Biochemists determine atomic structure of new ABC transporter

Proteins belonging to the large and important family of ABC transporters have been associated with metabolic diseases and can cause resistance to antibiotics. Biochemists from the University of Zurich and the NCCR Structural Biology have succeeded in determining the atomic structure of a new ABC transporter. The insights gained could give rise to new therapies to treat multi-resistant bacteria, cystic fibrosis or gout, for instance.

ABC transporters are membrane proteins that actively pump a wealth of molecules across the membrane. Over 40 different ABC transporters perform vital functions in humans. Genetic defects in ABC transporters can trigger metabolic diseases such as gout, neonatal diabetes or cystic fibrosis, and certain ABC transporters also cause resistance to a wide range of drugs. In tumor cells, increased amounts of ABC transporters that pump chemotherapeutic substances out of the cell are often produced, thus rendering anticancer drugs ineffective. Analogous mechanisms play a key role in many pathogenic bacteria: ABC transporters carry antibiotics out of the cell - multi-resistant bacteria are the result. 
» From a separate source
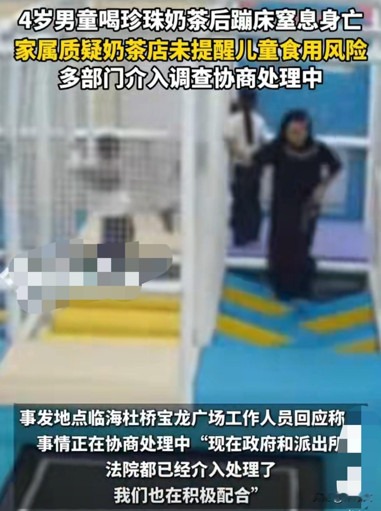 一口珍珠夺走4岁娃性命!是奶茶店的锅,还是家长没看住? 谁能想到啊,甜甜的珍珠奶茶能成“夺命杀手”!浙江台州那个4岁男娃,喝口奶茶去蹦床,转眼就没了,这事听着就让人揪心。 事发在宝龙广场,娃喝完奶茶就扎进蹦床区疯玩。没一会儿就出事了,珍珠反流卡住喉咙,任凭家长怎么拍背都没用,最后没抢救回来。 家属哭得快晕过去,转头就找奶茶店讨说法:“连个警告告示都没有,也没跟我们说小孩不能喝!”这话一出,网上立马吵翻天了。 可有人扒出来,奶茶杯身上明明写着“老人儿童需监护饮用”。更要命的是,游乐场压根不让带吃喝进去,是家长偷偷带进去的。 记者赶紧去问商场,人家就说在协商,政府、派出所都介入了。找奶茶店,店员就一句“公司在处理”,问镇政府,值班的啥也不知道。 这事儿一曝光,相似的案例全冒出来了。去年山东有个5岁娃,也是珍珠卡喉,幸亏邻居会急救才捡回一条命。 还有个北京大姐,喝奶茶被珍珠噎得直翻白眼,刚好有护士路过用急救法救了她。医生说珍珠又黏又滑,特容易堵气管。 咱得掰扯掰扯这事儿的根儿。首先奶茶店有责任,光印小字不够,店员见带娃的就该多提醒几句,这又不费事儿。 但家长的责任更大啊!2到5岁的娃呼吸道特窄,最容易卡异物,还让他边吃边蹦,这不是把危险放跟前儿嘛。 再说急救这事儿,多少人光听过没见过。长沙120的专家说,异物卡喉黄金抢救时间就4到10分钟,等120来早晚了。 教你们个救命的海姆立克急救法,对小孩特管用。站在娃身后,拳头放肚脐上方,往上快速冲击,直到异物出来。 别觉得这事儿离自己远,每年被零食、坚果卡喉的娃不老少。之前洛阳那个3岁女童,也是珍珠卡喉,多亏有医护人员在场。 现在好多家长带娃太“佛系”,总觉得危险离得远。殊不知娃嘴里含着东西跑跳、大笑,都是埋雷,一秒钟就能出事。 奶茶店也得长点心,别光想着赚钱。要么直接标注“儿童慎食珍珠”,要么店员主动提醒,多句嘴可能就救条命。 这事儿哪是奶茶的错啊,是咱们对“小口慢吃、专人看护”这八个字太不当回事了。娃的安全容不得半点马虎,一次疏忽就是一辈子的痛。 这起悲剧给所有人敲了警钟:带娃出门,眼睛得像探照灯似的盯着,嘴里含东西绝对不能跑跳。你身边有人真的会海姆立克急救法吗?评论区说说,多个人会就多份保障。

Despite their major importance in biology and medicine, so far the atomic structure of only a few ABC transporters has been decoded. Now, under the supervision of Markus Seeger and Professor Markus Grütter, PhD student Michael Hohl and senior scientist Christophe Briand have succeeded in cracking the atomic structure of the new ABC transporter "TM287/288".

Illuminating asymmetry

The membrane protein originates from a thermophilic bacterium. Compared to structures already known, "TM287/288" has two different protein chains that assemble into a heterodimer. About half of the 40 human ABC transporters are heterodimers. "The asymmetries discovered enable us to consider the role of ABC transporters in a new light," explains Seeger. "In the longer term, our results could help develop new medication against multi-resistant bacteria or tumors that are difficult to treat. They also make new approaches to curing or alleviating hereditary diseases possible," concludes Grütter.